===== DATA FOR THIS EXERCISE =====

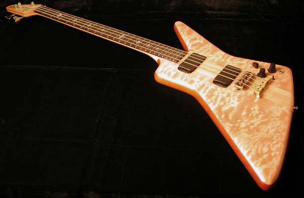 VERY VERY lovely quilted maple top, all maple down the center.  Walnut core.  Medium scale.  Sounds amazing, of course.  Currently set up to accommodate standard gauge Rotosounds.
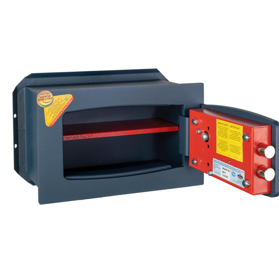 Acest seif de incastrat in perete este echipat cu un sistem dublu de inchidere, format din cheie dubla si cifru mecanic cu 3 discuri. Combinatia dintre structura robusta si inchiderea multipla ofera un nivel superior de securitate, potrivit atat pentru uz rezidential, cat si comercial.
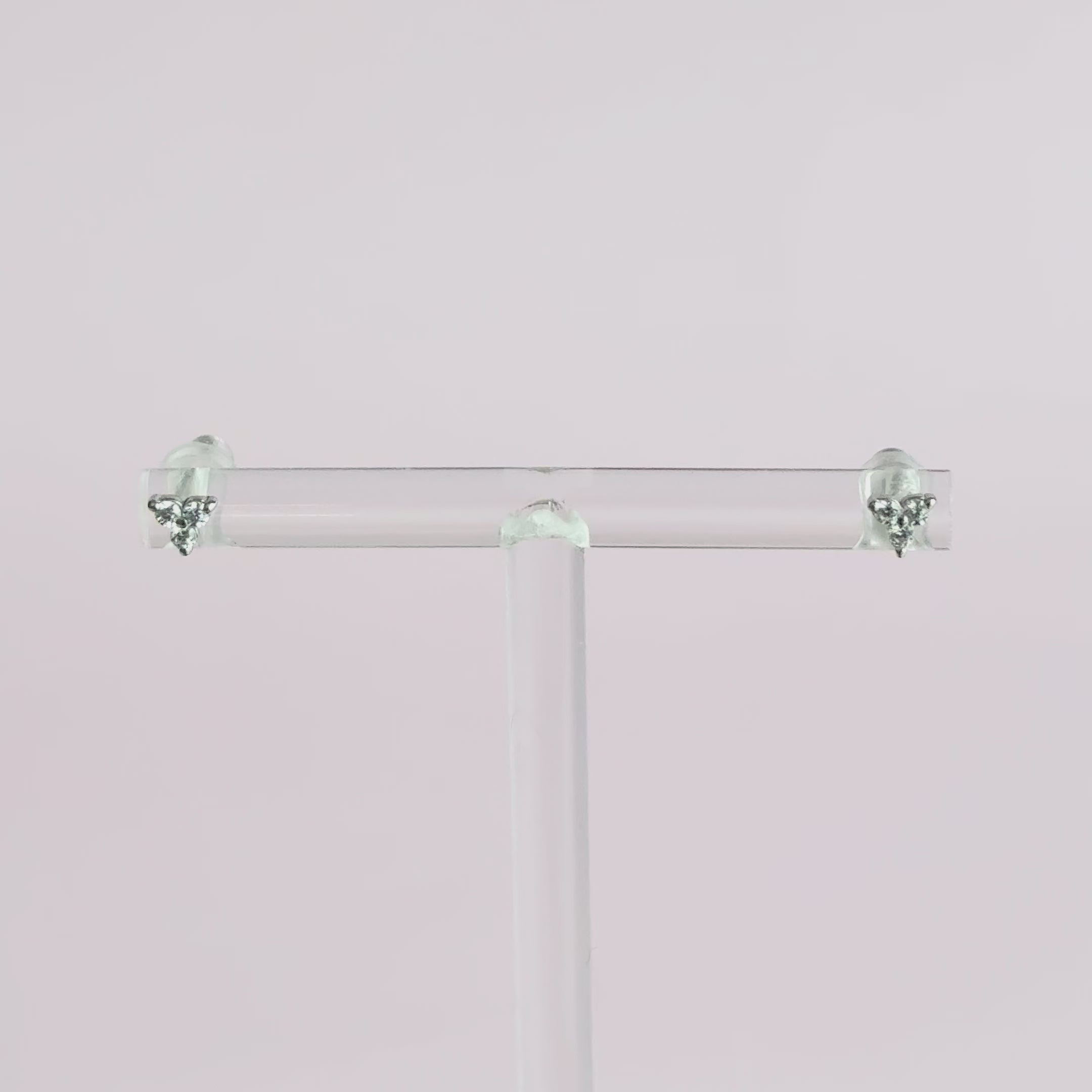 Petites boucles d'oreilles de type studs ornées de trois zircons blancs formant un petit triangle. Se porte aussi bien dans le premier que dans les 2e ou 3e trous de piercings du lobe. Versatiles, elles se marieront avec tous les styles.
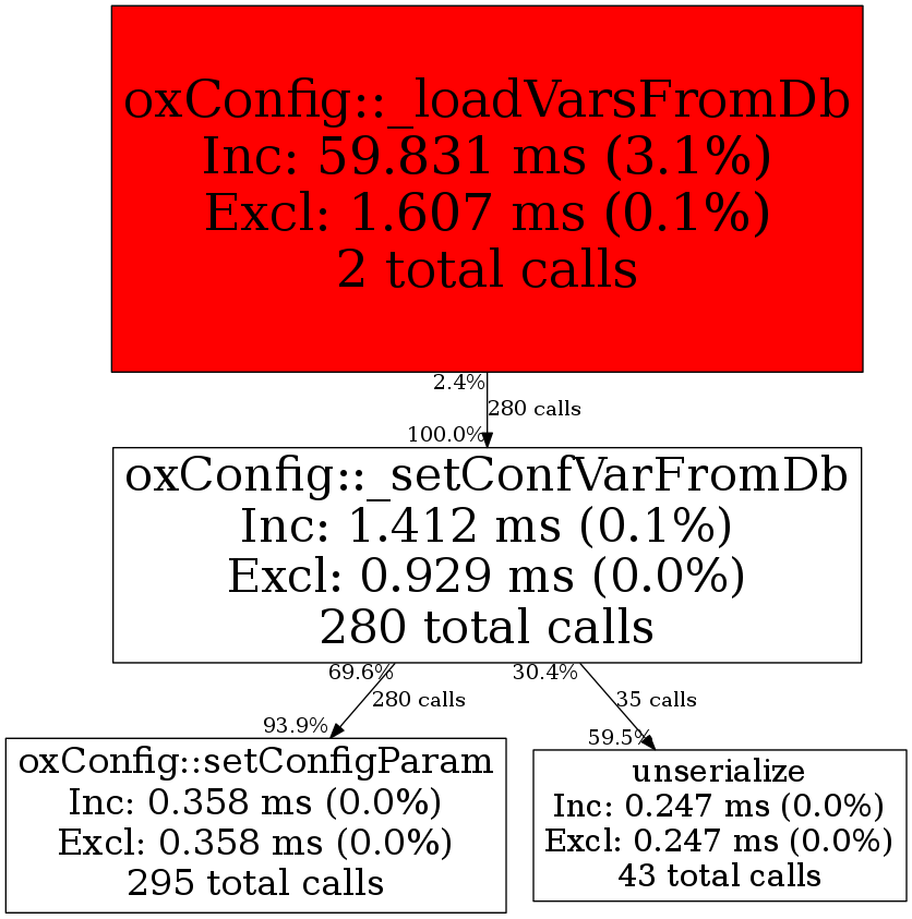 | oxConfig::_setConfVarFromDb | 280 | 44.6% | 1,412 | 0.1% | 4,000 | 0.4% | 133,024 | 0.5% | 183,208 | 0.7% |
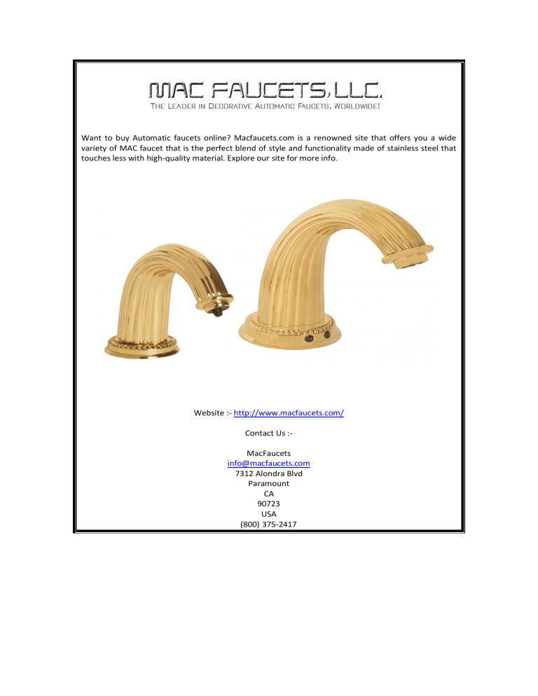 Want to buy Automatic faucets online? Macfaucets.com is a renowned site that offers you a wide variety of MAC faucet that is the perfect blend of style and functionality made of stainless steel that touches less with high-quality material. Explore our site for more info. Website :- http://www.macfaucets.com/ Contact Us :MacFaucets info@macfaucets.com 7312 Alondra Blvd Paramount CA 90723 USA (800) 375-2417
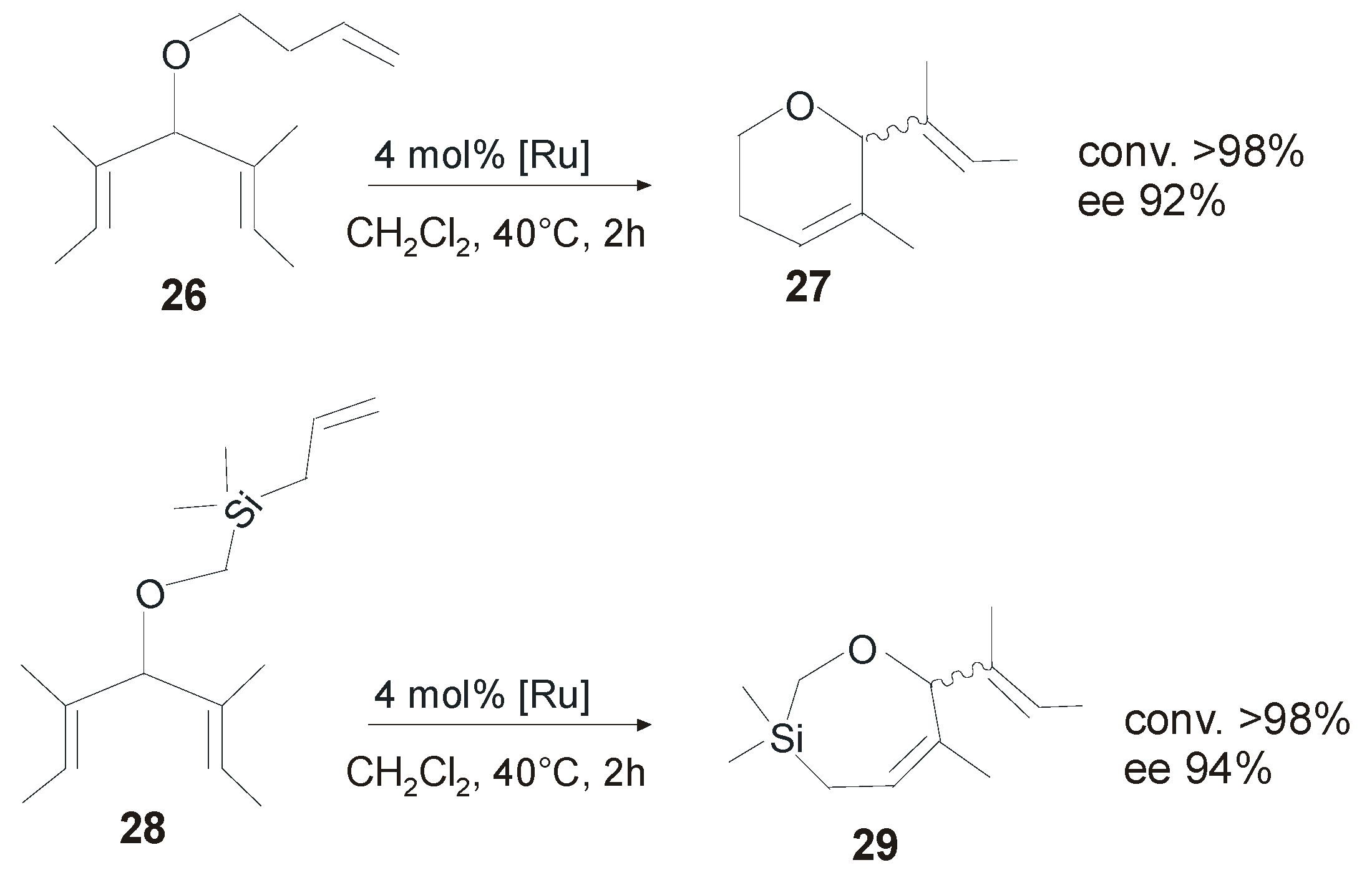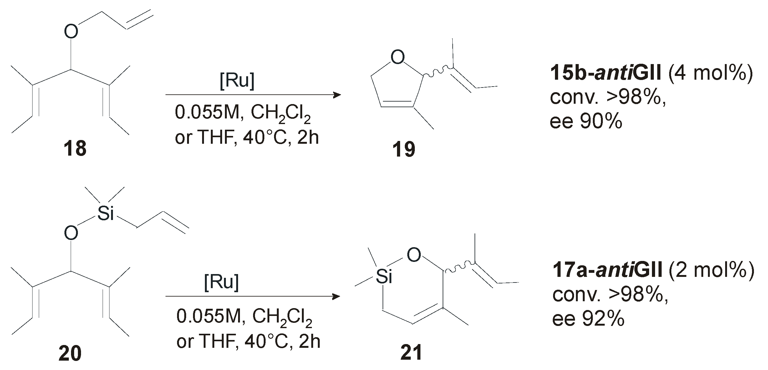 Asymmetric ring closing metathesis of 26 and 28 catalyzed by 21-antiGII.
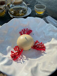 Отмечали юбилей, столик заказала за день до события .бронировала на сайте .удобно и все понятно.предварительно посмотрели на сайте меню.определились с выбором блюд.сравнила с подобным рестораном .цены более демократичны в Чайке.приехали после прогулки на катере.чуть заранее.встретившие девушки на входе ,на ресепшене ,были приветливы и предложили воспользоваться гардеробом .пригласили за столик,который предназначался под наше торжество .хоть мы и прибыли в ресторан более чем за полчаса,никаких сложностей у нас не возникло,не нужно было бы ожидать часа брони . ресторан понравился и обстановкой,и чистотой,и все вокруг опрятно ,все на своих местах у сотрудников заведения.много зелени для разделения зон между соседними столиками,растения выполняют роль перегородок .создают приятную атмосферу.окна панорамные.интересно наблюдать из окна за течением реки,ресторан находится полностью на воде.из меню много чего было интересно попробовать.решили брать и холодные, и горячие блюда,и десерт ,конечно с кофе.понравилось всё.из холодных закусок муж выбрал оливье с говядиной,а я выбрала сыровяленную говядину с копчёной свеклой и русском из пармезана,с шариком мороженного из белых грибов.вкусное ,необычное и ароматное блюдо. на горячее брали тоже разное.картофельный дранник с форелью малосольной,со сливочным сыром и хреном ,мужу очень понравился вкус ,сказал ,что неожиданно сытно и вкусно.я заказывала на горячее запечённую форель с шафраном и тигровыми креветками.все это было с ризотто.мне понравились все блюда .первые ожидали не долго.вторые подавали достаточно горячими,сразу как только мы закончили с холодными закусками. из напитков мы выбрали кувшин морса свеже -приготовленного.когда определялись с десертом,то наша официантка Екатерина ,подробно рассказала ,из чего каждый десерт.выбор пал на Жемчужину и чизкейк с кремом на овсяном корже.из кофе был капучино и американо.все было вкусно.сервировка на высоте.приборы подавались вовремя.бокалы ,тарелки -все чистое .менялись приборы и тарелки на чистые по мере необходимости.то есть очень быстро.персонал работает оперативно.официантка Екатерина на удивление ничего не упустила при заказе блюд,хотя все воспринимала на слух .не под запись . На день рождения от ресторана сделали скидку в 10 % на весь чек .приятный бонус.забыла про хлебную корзинку.очень вкусные булочки.к ним подали намазывать на них пасту творожносырную с чесноком..тоже нам понравилось.чек получился на 7тыс руб.с учётом бонуса в 10% .в д.р..приятный бонус.еще и за приятно проведенное время с быстро подаваемыми блюдами.оценку поставлю отлично.

=====

What is needed is the exact run of lines from the start of the data through the line with "183,208 | 0.7% |", both ends included, minus the pictures.

 VERY VERY lovely quilted maple top, all maple down the center.  Walnut core.  Medium scale.  Sounds amazing, of course.  Currently set up to accommodate standard gauge Rotosounds.
 Acest seif de incastrat in perete este echipat cu un sistem dublu de inchidere, format din cheie dubla si cifru mecanic cu 3 discuri. Combinatia dintre structura robusta si inchiderea multipla ofera un nivel superior de securitate, potrivit atat pentru uz rezidential, cat si comercial.
 Petites boucles d'oreilles de type studs ornées de trois zircons blancs formant un petit triangle. Se porte aussi bien dans le premier que dans les 2e ou 3e trous de piercings du lobe. Versatiles, elles se marieront avec tous les styles.
 | oxConfig::_setConfVarFromDb | 280 | 44.6% | 1,412 | 0.1% | 4,000 | 0.4% | 133,024 | 0.5% | 183,208 | 0.7% |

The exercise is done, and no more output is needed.